WORK TO COMPLETE - Repeat exactly what runs from the line with "geometric peacock drawing" through the last line of the material, and keep the pictures out of it.

[EXERCISE DATA]

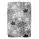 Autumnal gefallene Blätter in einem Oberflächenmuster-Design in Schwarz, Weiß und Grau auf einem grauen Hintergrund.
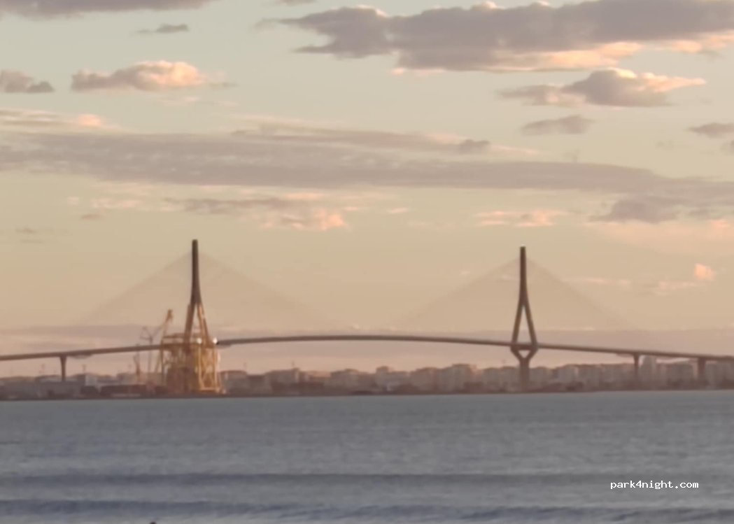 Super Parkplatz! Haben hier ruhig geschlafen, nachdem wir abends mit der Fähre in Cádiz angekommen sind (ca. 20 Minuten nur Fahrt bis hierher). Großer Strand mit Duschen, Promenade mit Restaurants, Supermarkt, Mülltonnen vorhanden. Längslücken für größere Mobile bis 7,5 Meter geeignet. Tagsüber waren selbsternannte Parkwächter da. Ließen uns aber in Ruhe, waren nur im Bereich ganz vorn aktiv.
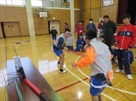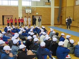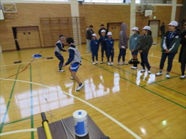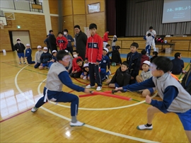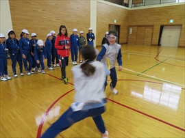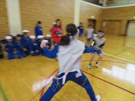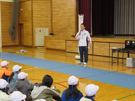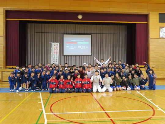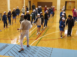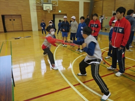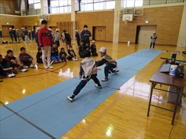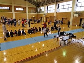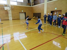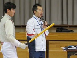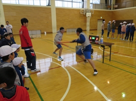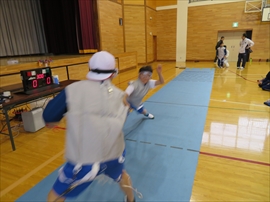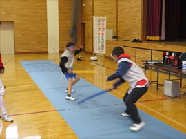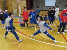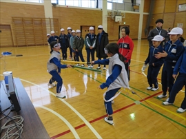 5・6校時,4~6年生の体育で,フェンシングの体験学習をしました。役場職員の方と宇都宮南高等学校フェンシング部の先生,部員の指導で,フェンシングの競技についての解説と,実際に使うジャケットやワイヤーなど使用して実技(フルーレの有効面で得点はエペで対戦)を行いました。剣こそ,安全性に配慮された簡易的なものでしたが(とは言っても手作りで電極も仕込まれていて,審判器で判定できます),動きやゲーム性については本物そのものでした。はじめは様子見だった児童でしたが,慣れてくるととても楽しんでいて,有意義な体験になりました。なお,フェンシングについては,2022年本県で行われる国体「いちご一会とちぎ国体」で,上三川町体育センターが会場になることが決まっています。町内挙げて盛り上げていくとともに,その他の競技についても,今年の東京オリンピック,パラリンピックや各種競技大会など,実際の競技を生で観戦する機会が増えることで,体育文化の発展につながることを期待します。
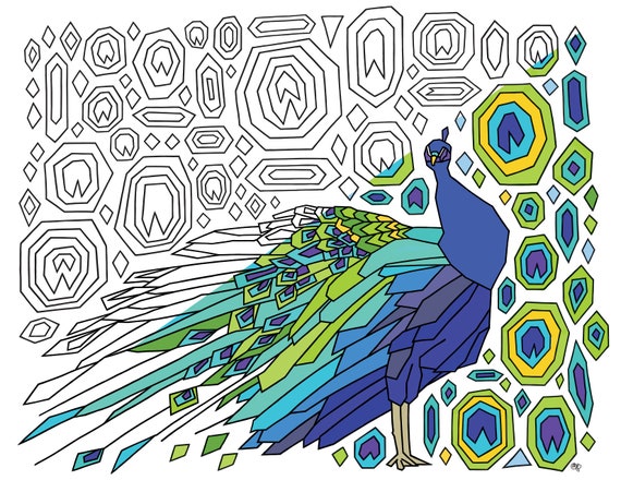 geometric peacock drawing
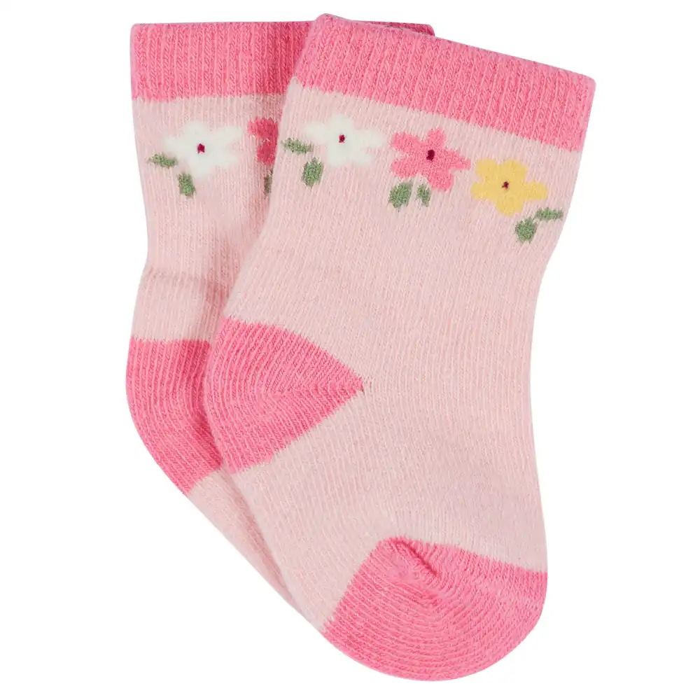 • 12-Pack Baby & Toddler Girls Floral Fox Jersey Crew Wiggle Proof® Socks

[/EXERCISE DATA]

SOLVED EXERCISE -
 geometric peacock drawing
 • 12-Pack Baby & Toddler Girls Floral Fox Jersey Crew Wiggle Proof® Socks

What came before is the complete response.